Gwern’s Scaling Hypothesis essay is the most thorough popular treatment of the underlying thesis that capabilities emerge from scale. It was written between Kaplan and Chinchilla, and its predictions about what additional scale would buy have held up surprisingly well. EpochAI has since taken on the empirical side, publishing replication, extrapolation, and broken-law analyses that sit downstream of both Kaplan and Chinchilla. Jacob Steinhardt’s Bounded Regret is the other blog that has thought carefully about what scaling laws do and do not let us forecast.
What survives
The predictive direction is robust across all three papers. Given a well-behaved architecture, a well-mixed dataset, and enough compute to be past the pretraining phase, we can extrapolate loss from smaller to larger runs and be approximately right. The error bars on the extrapolation grow with the distance, but not catastrophically. This is the single most useful thing the scaling laws literature gave us, and it is what labs use to decide whether to spend a billion dollars on a training run.
What does not survive is confidence in any specific exponent or ratio as universal. The exponent depends on architecture, data mixture, and the details of the optimizer. The Chinchilla ratio of twenty tokens per parameter is a point estimate for one particular setup; it moves with every change to the training recipe. The papers that extrapolated Kaplan’s ratio to plan multi-billion dollar training runs learned this the hard way, and the papers that are currently extrapolating Chinchilla’s ratio to plan the next round of runs will probably learn the same lesson in a couple of years.
What they never predicted
The scaling law literature is about test loss on the training distribution, and nothing else. It does not predict what data mixture to use, what architecture beats dense transformer, which capabilities emerge at what scale, whether model behavior is safe, or how training dynamics interact with the learning rate schedule. All of these are properties of the training run that live outside the scaling law fit. Treating the laws as if they settled any of these questions is the standard failure mode, and the broken-laws literature is largely an argument about how that failure mode shows up in specific predictions.

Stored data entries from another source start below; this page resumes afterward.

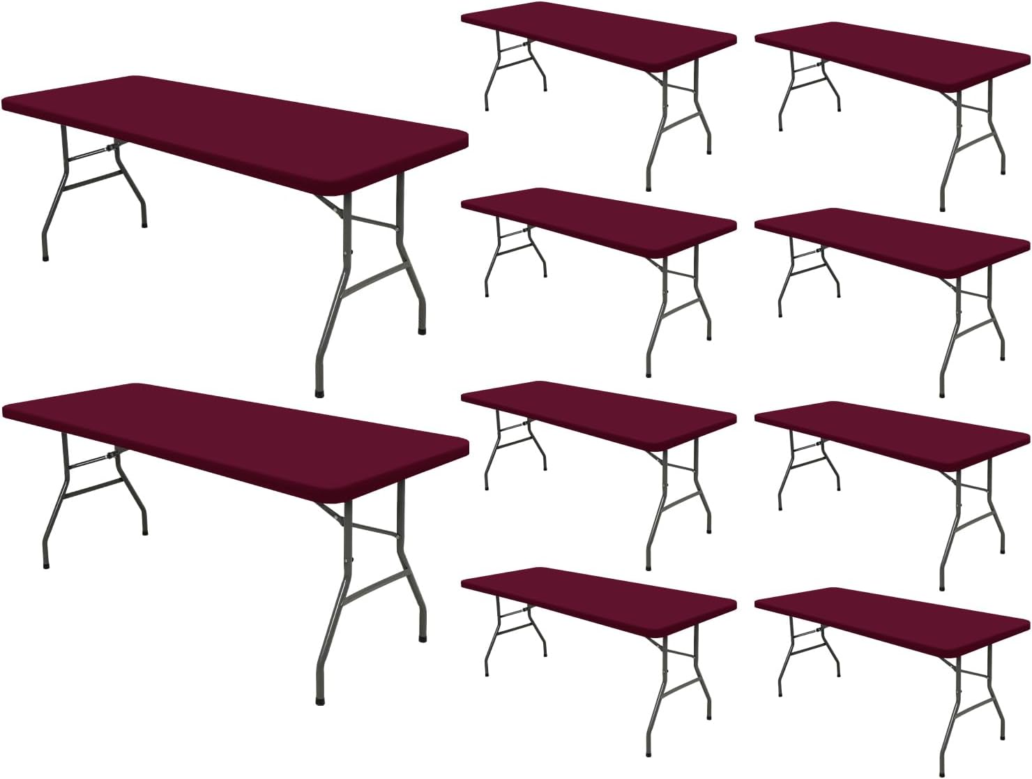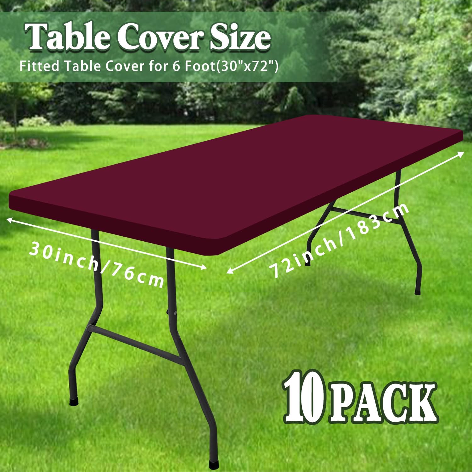 6 Foot Picnic Table Cover Fitted 10 Pack Elastic Tablecloth for Rectangle Tables Waterproof Stretch Washable Folding Indoor Outdoor Spandex Table Cloth for Parties Banquet Camping (Wine Red,30" x 72")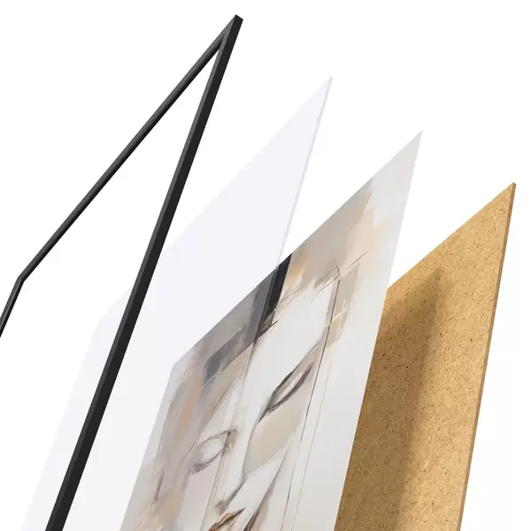 Plagát sa skladá z rámu, plexiskla, vytlačeného obrazu a podkladu z drevotriesky. Plagát možno okamžite zavesiť na stenu vďaka úchytom na zadnej strane.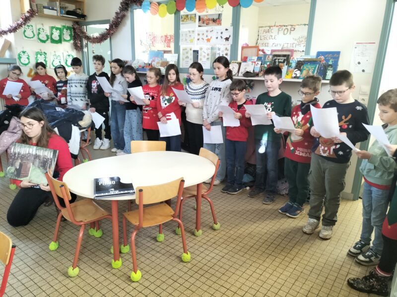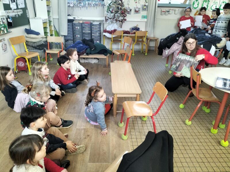 Les élèves de la classe de CE2/CM sont venus lire une histoire de Noël collectivement puis par trio, ils ont lu un album à chacun des Grandes Sections.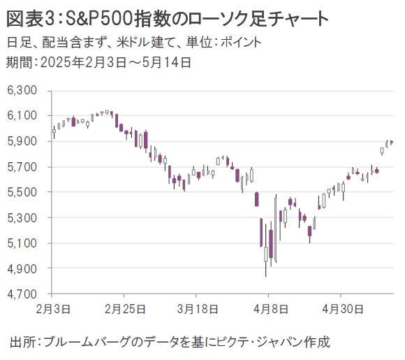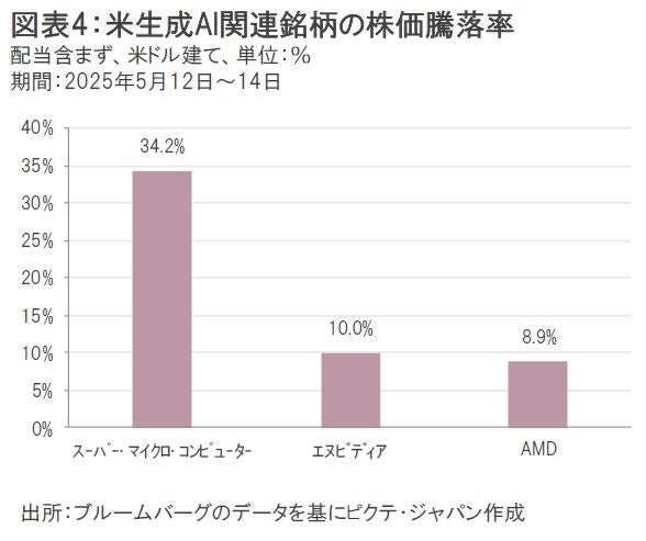 米国株式市場では、スイスで行われた米中貿易協議で米中追加関税が大幅に引き下げられたことに加え、今回の米国とサウジの大型ディールが好感されている。特に時価総額が比較的大きな生成AI関連株の上昇が目立っており、S&P500指数は最高値更新まであと4.3%となった(2025年5月14日時点、終値ベース)(図表3、4)。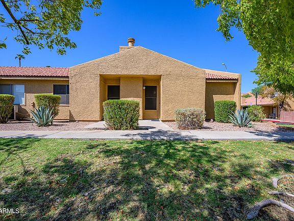 This unit has gone through a total refresh and is ready for its new owner to make it their own! Updated, light and bright! Single story end unit condo in Shadow Mountain Village. Fewer shared walls, no neighbors above and all on ground level. This home offers a split floor plan with 2 primary suites that each feature their own en suite bath, walk in closet and linen closet. The kitchen offers white cabinetry, Corian counter tops and stainless steel appliances. The living room in this unit is more spacious and functional compared to model matches as the fireplace has been removed. For storage it offers a coat closet, pantry/laundry room, additional inside storage room, and an outdoor storage area. Central location walking distance from South Mountain Park, and minutes from the I-10, Raven and Legacy Golf courses & AZ Mills Shopping Mall for shopping, dining and entertainment. Community amenities include two sparkling swimming pools, spa, and workout room.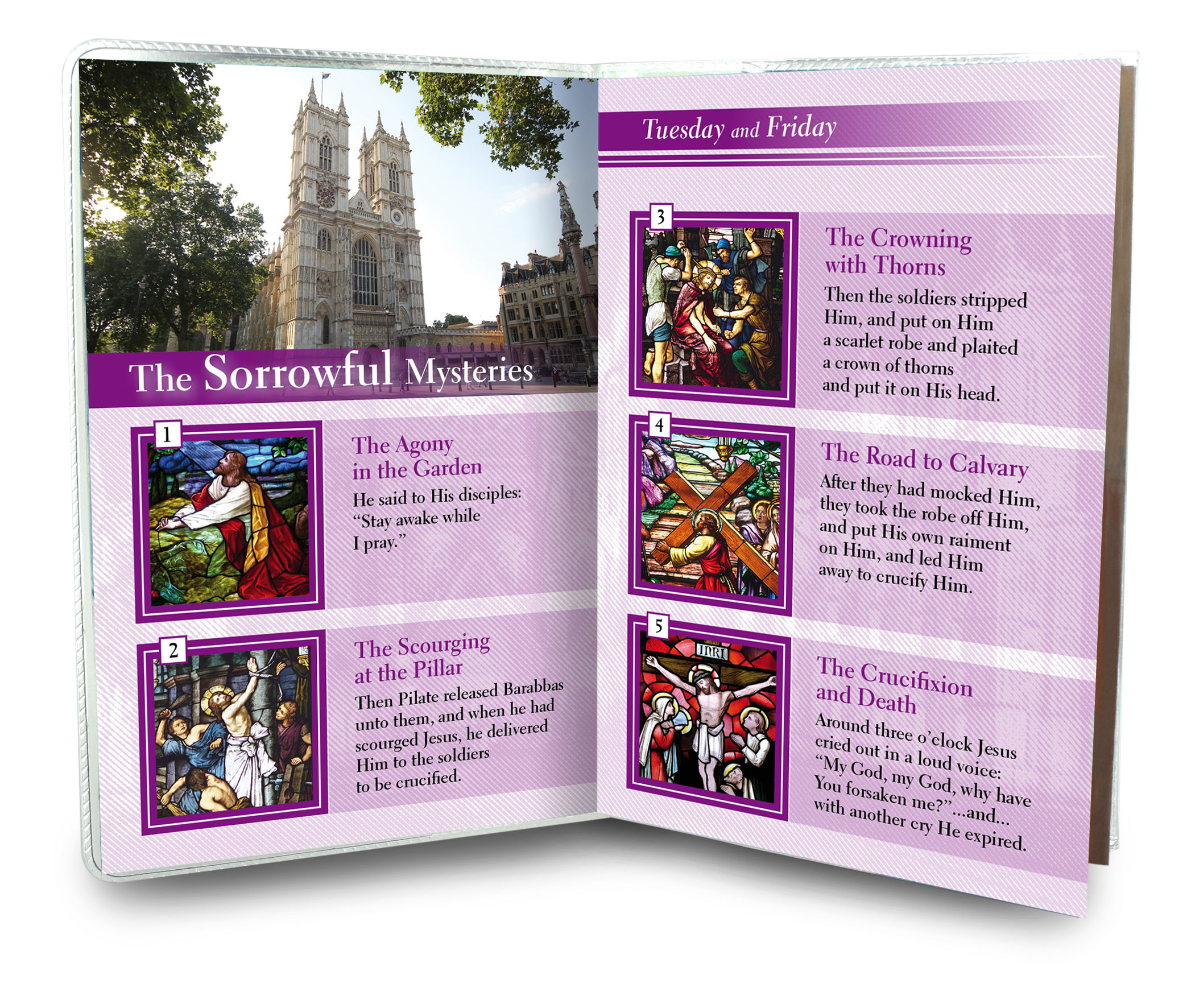 Il libretto, composto da 16 pagine, si presenta con una copertina in plastica trasparente e nell'interno vi è un piccolo rosario con i grani tipo perlina del diamero di mm 4.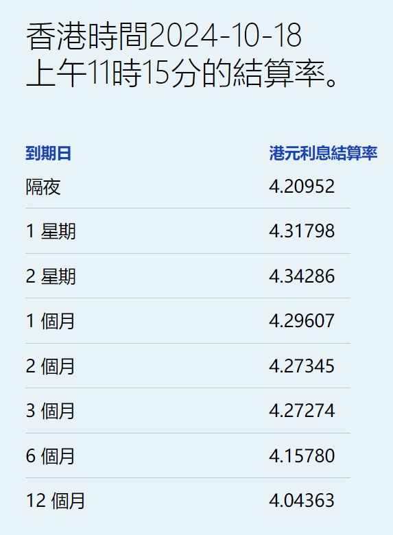 智通财经APP获悉,10月18日,港元三个月以及下各期拆息全线走软,其中,隔夜息连跌四天,报4.20952%,为9月24日以来最低,而与楼按相关的一个月拆息亦三连跌,报4.29607%,为三周新低。

The honest statement is that scaling laws tell us how much loss we will have. Everything else about the model, the interesting everything, is underdetermined by the loss number. This is consistent with the loss number being very useful and also nowhere near sufficient.
References
- [1] J. Kaplan, S. McCandlish, T. Henighan, T. B. Brown, B. Chess, R. Child, S. Gray, A. Radford, J. Wu, and D. Amodei. Scaling laws for neural language models. arxiv 2001.08361, 2020.
- [2] J. Hoffmann et al. Training compute-optimal large language models. arxiv 2203.15556, 2022.
- [3] E. Caballero, K. Gupta, I. Rish, and D. Krueger. Broken neural scaling laws. arxiv 2210.14891, 2022.
- [4] J. Wei et al. Emergent abilities of large language models. arxiv 2206.07682, 2022.
- [5] R. Schaeffer, B. Miranda, and S. Koyejo. Are emergent abilities of large language models a mirage? arxiv 2304.15004, 2023.
- [6] T. Henighan et al. Scaling laws for autoregressive generative modeling. arxiv 2102.01293, 2021.
- [7] T. Pearce and J. Song. Reconciling Kaplan and Chinchilla scaling laws. arxiv 2406.12907, 2024.